“How about the president's rake-off?”
“Oh, that's unofficial, of course, but it's understood we pay him 5 per cent, of our output.”
“Anybody else to take care of?”
“No, that cleans up the gang. Loaiza, the Minister of the Interior, wanted in, but I kicked like a bay steer and Sarros shooed him off.”
“A fine lot of bandits to do business with!” Webster declared disgustedly. “Still, it's their way of doing business, and much as we dislike that kind of business, we'll have to do it that way or not at all. The government ought to get 10 per cent, of our gross output, and Sarros ought to be shot. However, I dare say we can stand for the blackmail if, as you say, you have twelve-dollar ore.”
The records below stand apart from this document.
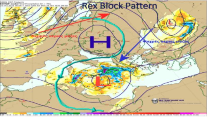 Πολλές φορές μετά από ένα οπισθοδρομούν χαμηλό διατηρείται η διάταξη του φαινομένου “REX” αν και αυτή είναι συχνότερη στη Δυτική Ευρώπη εμφανίζεται σε κάποιες περιπτώσεις και στη περιοχή μας. Αξίζει να σημειώσουμε ότι το “Rex Blocking” είναι πράγματι ένα φαινόμενο άξιο αναφοράς αλλά όχι στην συγκεκριμένη περίπτωση για τυχόν έντονα φαινόμενα, αλλά για τη σπανιότητα με την οποία εμφανίζεται στα κεντρικά.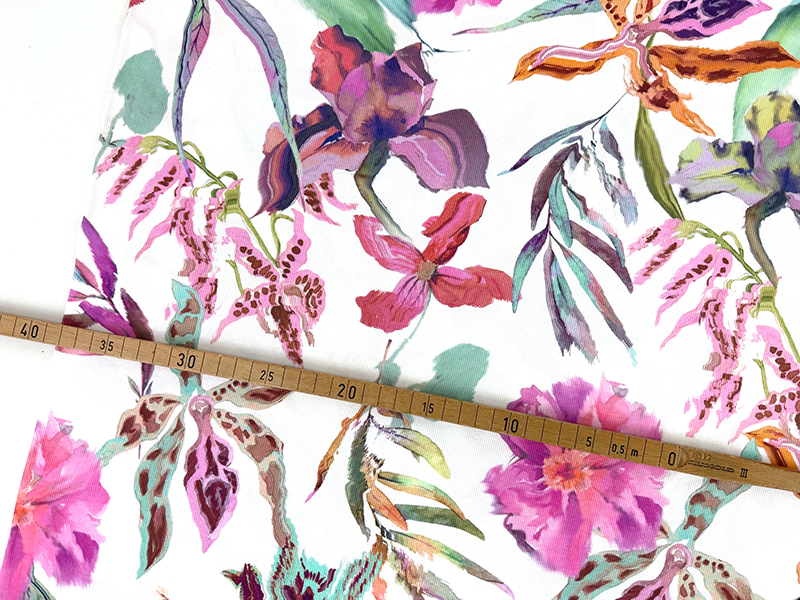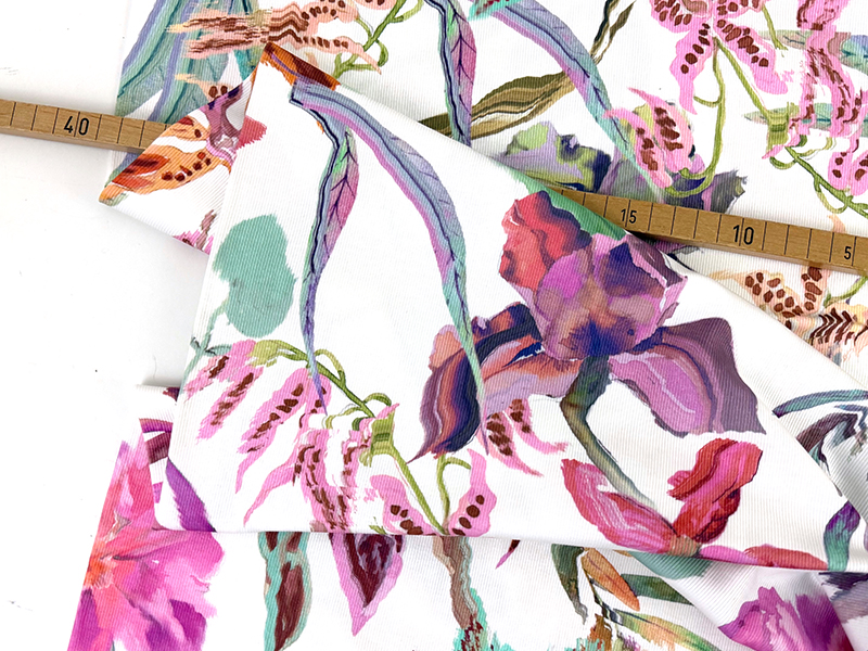 Hochwertiger und samtig weicher Baumwolljersey mit einer feinen Rippe und einem wunderschönen floralen Design. Die Blüten sind wie hingetuscht und wirken daher lebendig und vielfältig. Die Farbzusammenstellung ist eine Kombination aus Pastelltönen und kräftigen Akzenten.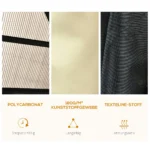 - ✔ Užuolaidos gali būti uždaromos arba nuimamos įvairiai ir susideda iš dviejų dalių: nepermatomo poliesterio (išorėje) ir tinklelio, pagaminto iš nailono (viduje)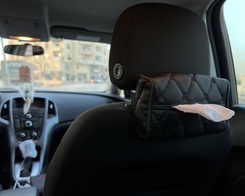 Generic - حامل مناديل ورقية قابل للتعديل للسيارة من ميك اوفر، حامل مناديل للتعليق على الجزء الخلفي لمسند رأس المقعد، مصنوع من الجلد ومتعدد الاستخدامات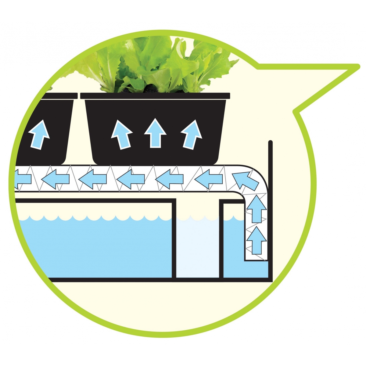 Le mini potager dispose d’un système d’irrigation par capillarité avec natte absorbante. L’eau est progressivement distribuée aux plantes depuis le réservoir, permettant une autonomie pouvant atteindre 14 jours selon les conditions d’utilisation.

“Wait and assay it yourself,” Billy assured him. For thirty miles they followed the government highway, and then debouched to the southwest along a neglected road just wide enough to accommodate the clumsy oxcarts of the peons. The country was sparsely settled and evidently given over to stockraising. By degrees the road lost itself in the tall, dry grass, and became a faint trail which led into a forest of fir and other woods, with a good deal of mahogany and with very little underbrush. Billy rode in front, following through the timber a trail of his own blazing; and on the afternoon of the third day they dropped swiftly into a bare brown valley lying between timbered hills, displaying here and there the red stain of oxide of iron, from which evidence Webster knew he was in a mineral country. Billy pointed to a yellow mound at the base of one of the toes of the range flanking the valley on the south.
“There's the claim,” he announced. “You can see the dump from here.”
A ribbon of green ran down a canon from the south and out into the brown, parched valley, where it suddenly disappeared.
“Sink,” Billy elucidated, following the direction of his friend's gaze and divining his thoughts. “That creek lies entirely on our concession—about thirty miner's inches of water, I should judge. It disappears in the sands out there at the end of the green streak, but the irrigation along its banks has been sufficient to insure plenty of good feed for our stock.”
Darkness had descended on the valley by the time they had pitched camp and eaten supper. They were up at dawn the following morning, however, and immediately after breakfast Jack Webster went to his duffle-bag and brought forth a dozen little canvas sacks and a prospector's hammer. “Now then, William, my son,” he announced, “light the lantern and we'll see if you've forgotten all I taught you about mining.”